1 Oman’s links with India and East Africa
Historical problems and perspectives

‘It was the Slave Trade which was originally responsible for generating the increased economic interest of the Omanis in the Swahili Coast’.1 This quotation is a more recent example of the widely accepted view regarding the nineteenth century Omani expansion in East Africa. First of all, slavery as an institution was a centuries-old phenomenon admitted by Omanis themselves, during the nineteenth century, to have existed ‘since the days of [Prophet] Noah’.2 Secondly, the theory that the above statement seeks to propound is ill-supported by the available evidence, not least the facts that Oman’s links with East Africa were well established by the nineteenth century and slaves did not constitute the foremost trading commodity in East African markets at the beginning of that century.
Leaving aside the very early links between Omanis and the inhabitants of the East African coast,3 Omani political and economic interests in East Africa were widespread and recognised, as Bathurst has shown, from the mid-seventeenth century under the Ya’ariba.4 While Omani rulers, since that time, appointed wâlîs (governors) to various principalities in East Africa, they did not establish any centralised political authority over them.
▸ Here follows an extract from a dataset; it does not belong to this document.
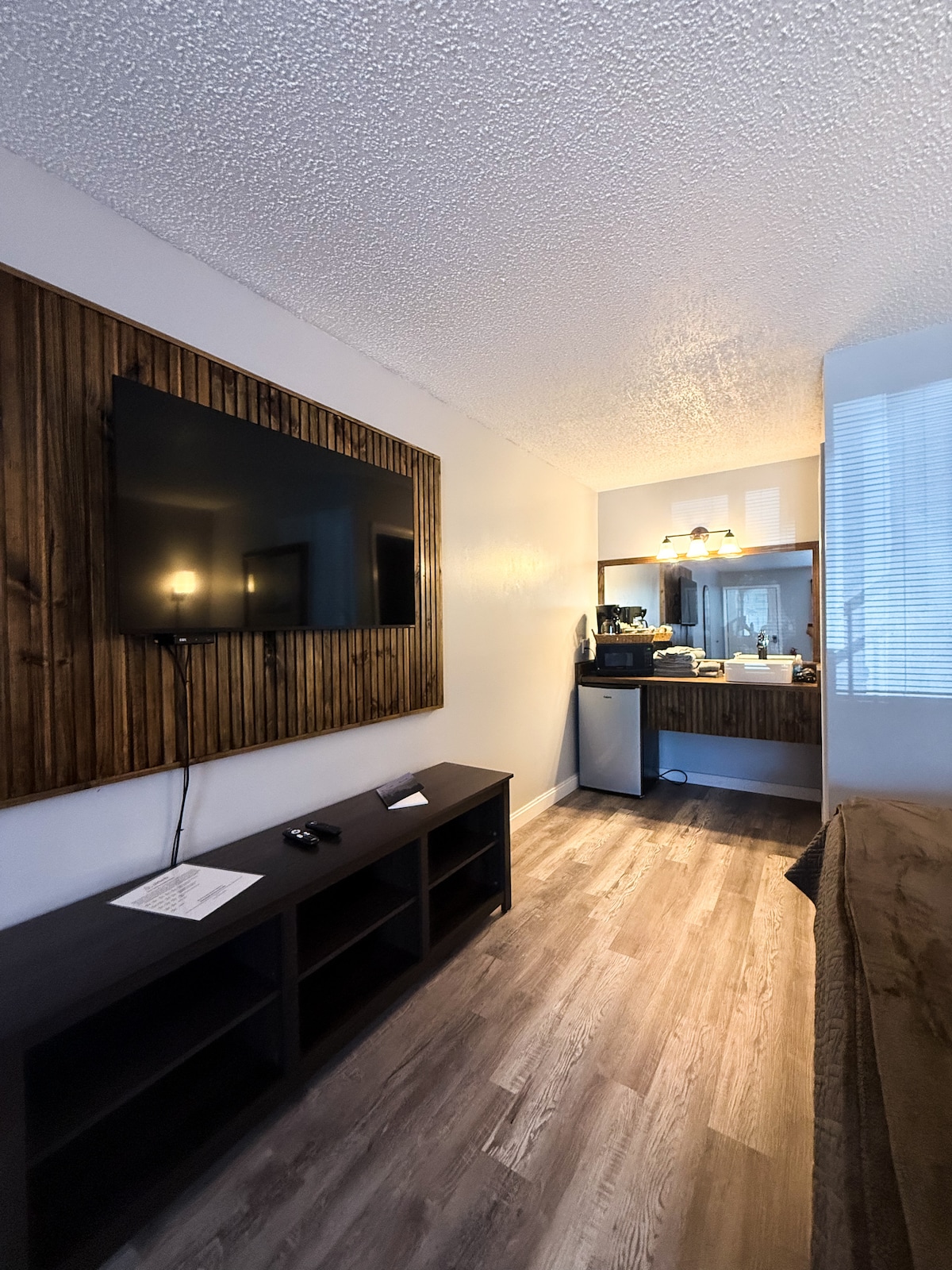 The grand suite consists of two beautifully outfitted bedrooms and a bathroom shared between them. You’ll have access to a mini-fridge, coffee maker, and breakfast nook for your convenience. Cable and wifi provided. Fun onsite pool and patio grilling area.

Such a relatively modern European-originated concept of central government did not in fact impinge in any way upon their attitudes of thought nor upon their socio-economic infrastructure which was based on tribalism. Thus, as there never was an extensive and grandiose East African ‘empire’ in the heyday of Kilwa in the thirteenth century, despite the insistence of some early writers on popularising such romantic myths.5 Similarly, there was no Ya’rubi nor indeed an Albusaidi ‘empire’ with viable institutions enabling Omani rulers to exercise centralised authority in territories in East Africa, even in those areas where they exercised some degree of control. That control, motivated primarily by the desire to protect trade and to collect duties, was derived from tribal allegiances, political alliances with local rulers and long-established commercial relationships.
Following the demise of the Ya’ariba, various factors combined to undermine the control and debilitate the power base from which the Albusaidis would ordinarily have expected to benefit by virtue of Oman’s tribal system. Prominent among these factors were the turmoil which afflicted Oman during the civil wars of 1719–49; the Persian invasions; the squabbles between members of the newly established Albusaidi Dynasty and between the Albusaidi rulers and other dominant Omani groups both in Oman and overseas; the Omani struggle against European powers and its competition for trade in previously Omani-dominated commercial outlets in India, Africa and the Gulf region and the Omani conflict with the Wahhabis. Against such a multi-faceted economic and political edifice, it is a constant source of wonder that historians attach so much importance to the trading activities at Zanzibar in the nineteenth century and persist in treating them in isolation without the most cursory examination of trade in the Indian Ocean region as a whole in the seventeenth and eighteenth centuries. These earlier commercial activities were the precursors and the catalysts that were to trigger the later rise of the Omani-generated East African commerce. To disregard this crucial aspect is a fundamentally flawed assumption. And while it is true that the increasing European and American incursions and commercial interests in East Africa did give an unprecedented importance to Zanzibar from the third decade of the nineteenth century, it was the ability of the old commercial system in East Africa to fuel these new trends that gave an impetus to the burgeoning and progressively internationalised Indian Ocean economy.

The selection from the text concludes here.